Figure 10.6. Solomon four-group design

Switched replication design . This is a two-group design implemented in two phases with three waves of measurement. The treatment group in the first phase serves as the control group in the second phase, and the control group in the first phase becomes the treatment group in the second phase, as illustrated in Figure 10.7. In other words, the original design is repeated or replicated temporally with treatment/control roles switched between the two groups. By the end of the study, all participants will have received the treatment either during the first or the second phase. This design is most feasible in organizational contexts where organizational programs (e.g., employee training) are implemented in a phased manner or are repeated at regular intervals.

research study field experiment

Figure 10.7. Switched replication design.

Quasi-Experimental Designs

Quasi-experimental designs are almost identical to true experimental designs, but lacking one key ingredient: random assignment. For instance, one entire class section or one organization is used as the treatment group, while another section of the same class or a different organization in the same industry is used as the control group. This lack of random assignment potentially results in groups that are non-equivalent, such as one group possessing greater mastery of a certain content than the other group, say by virtue of having a better teacher in a previous semester, which introduces the possibility of selection bias . Quasi-experimental designs are therefore inferior to true experimental designs in interval validity due to the presence of a variety of selection related threats such as selection-maturation threat (the treatment and control groups maturing at different rates), selection-history threat (the treatment and control groups being differentially impact by extraneous or historical events), selection-regression threat (the treatment and control groups regressing toward the mean between pretest and posttest at different rates), selection-instrumentation threat (the treatment and control groups responding differently to the measurement), selection-testing (the treatment and control groups responding differently to the pretest), and selection-mortality (the treatment and control groups demonstrating differential dropout rates). Given these selection threats, it is generally preferable to avoid quasi-experimental designs to the greatest extent possible.

Many true experimental designs can be converted to quasi-experimental designs by omitting random assignment. For instance, the quasi-equivalent version of pretest-posttest control group design is called nonequivalent groups design (NEGD), as shown in Figure 10.8, with random assignment R replaced by non-equivalent (non-random) assignment N . Likewise, the quasi -experimental version of switched replication design is called non-equivalent switched replication design (see Figure 10.9).

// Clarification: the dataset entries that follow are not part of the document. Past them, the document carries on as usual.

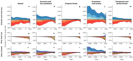 Estimated changes in range sizes over time, relative to potential natural ranges in 1850, depending on species’ primary megabiome. The top (a,d,g,j,m), middle (b,e,h,k,n), and bottom (c,f,i,l,o) panels in each column are analogous to Figure 2a–c, respectively, but represent only species with the relevant primary megabiome.
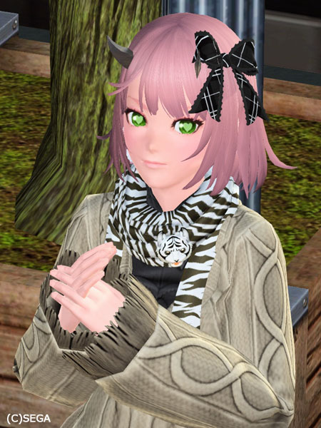 アクセ:シャイニーリボンB、3連ピアスB、タイガーマフラー白、アーガイルバッグ茶
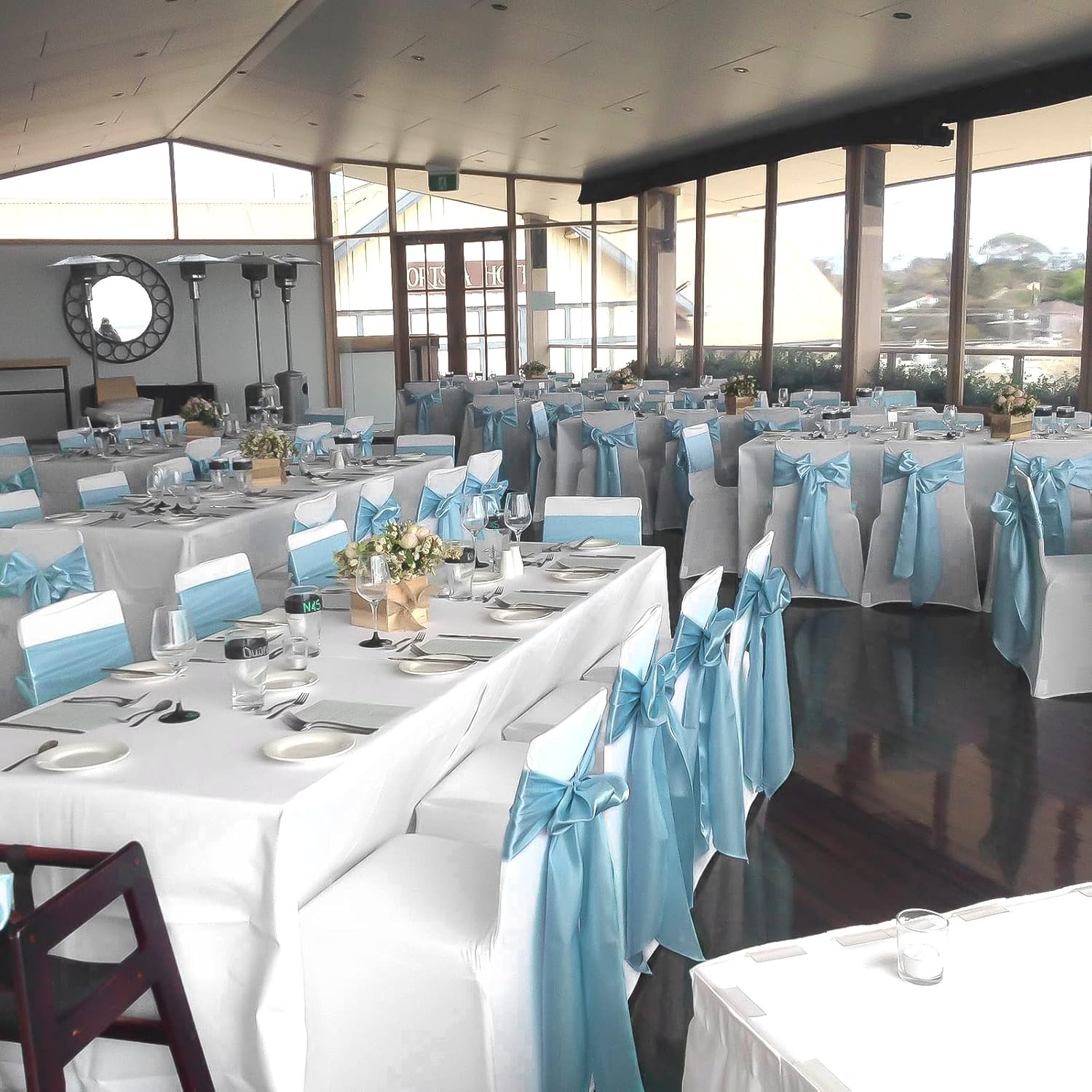 fani 60 PCS Baby Blue Satin Chair Sashes Bows Universal Chair Cover for Wedding Reception Restaurant Event Decoration Banquet,Party,Hotel Event Decorations (7 x 108 inch)
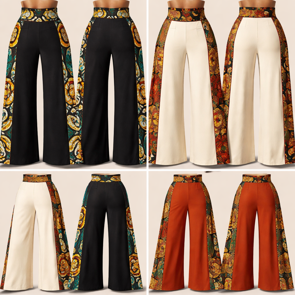 Create 3 different palazzo pants made with 20% Ankara and 80% plain material
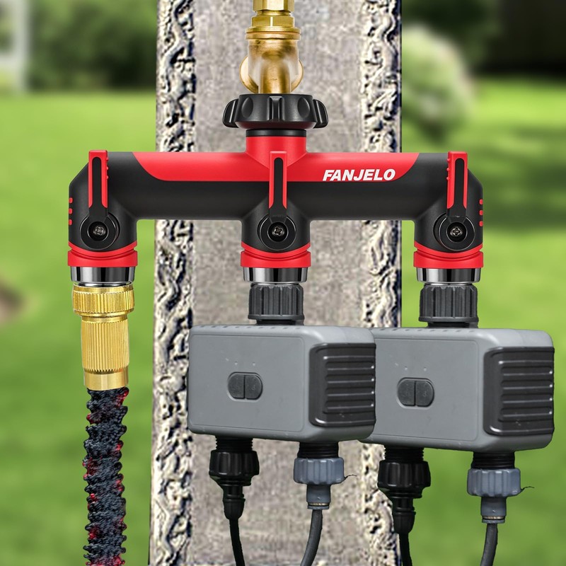- EASY INSTALLATION: To support multiple irrigation timers or larger timers, we have increased the distance between spouts to 2 inches. Water hose splitter features easy-to-turn handles that operate smoothly, even when wet. With a simple twist, you can control the water flow, making it user-friendly for everyone in the family, from children to experienced gardeners
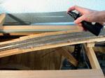 Der Schotter wird zunächst mit einem harten Borstenpinsel und später mit einem feineren Haarpinsel verteilt; schnellere großzügige Bewegungen sind besser als zu zaghafte. |
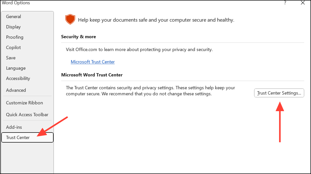 Step 2: In the Word Options dialogue box, click Trust Center on the left. Then click the Trust Center Settings button on the right.
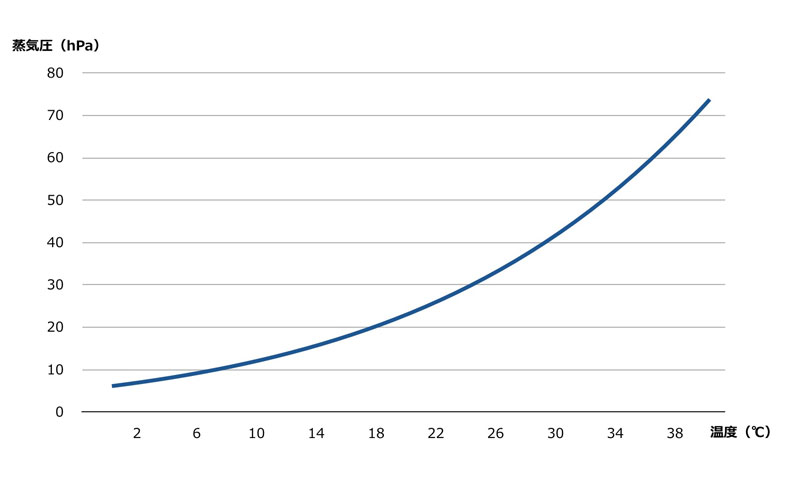 また、飽和水蒸気圧はTetensの式で近似でき、0℃で6hPa、30℃で42hPa程度と考えられます。 これらを考慮すると

research study field experiment

Figure 10.8. NEGD design.

research study field experiment

Figure 10.9. Non-equivalent switched replication design.

In addition, there are quite a few unique non -equivalent designs without corresponding true experimental design cousins. Some of the more useful of these designs are discussed next.

Regression-discontinuity (RD) design . This is a non-equivalent pretest-posttest design where subjects are assigned to treatment or control group based on a cutoff score on a preprogram measure. For instance, patients who are severely ill may be assigned to a treatment group to test the efficacy of a new drug or treatment protocol and those who are mildly ill are assigned to the control group. In another example, students who are lagging behind on standardized test scores may be selected for a remedial curriculum program intended to improve their performance, while those who score high on such tests are not selected from the remedial program. The design notation can be represented as follows, where C represents the cutoff score:

research study field experiment

Figure 10.10. RD design.

Because of the use of a cutoff score, it is possible that the observed results may be a function of the cutoff score rather than the treatment, which introduces a new threat to internal validity. However, using the cutoff score also ensures that limited or costly resources are distributed to people who need them the most rather than randomly across a population, while simultaneously allowing a quasi-experimental treatment. The control group scores in the RD design does not serve as a benchmark for comparing treatment group scores, given the systematic non-equivalence between the two groups. Rather, if there is no discontinuity between pretest and posttest scores in the control group, but such a discontinuity persists in the treatment group, then this discontinuity is viewed as evidence of the treatment effect.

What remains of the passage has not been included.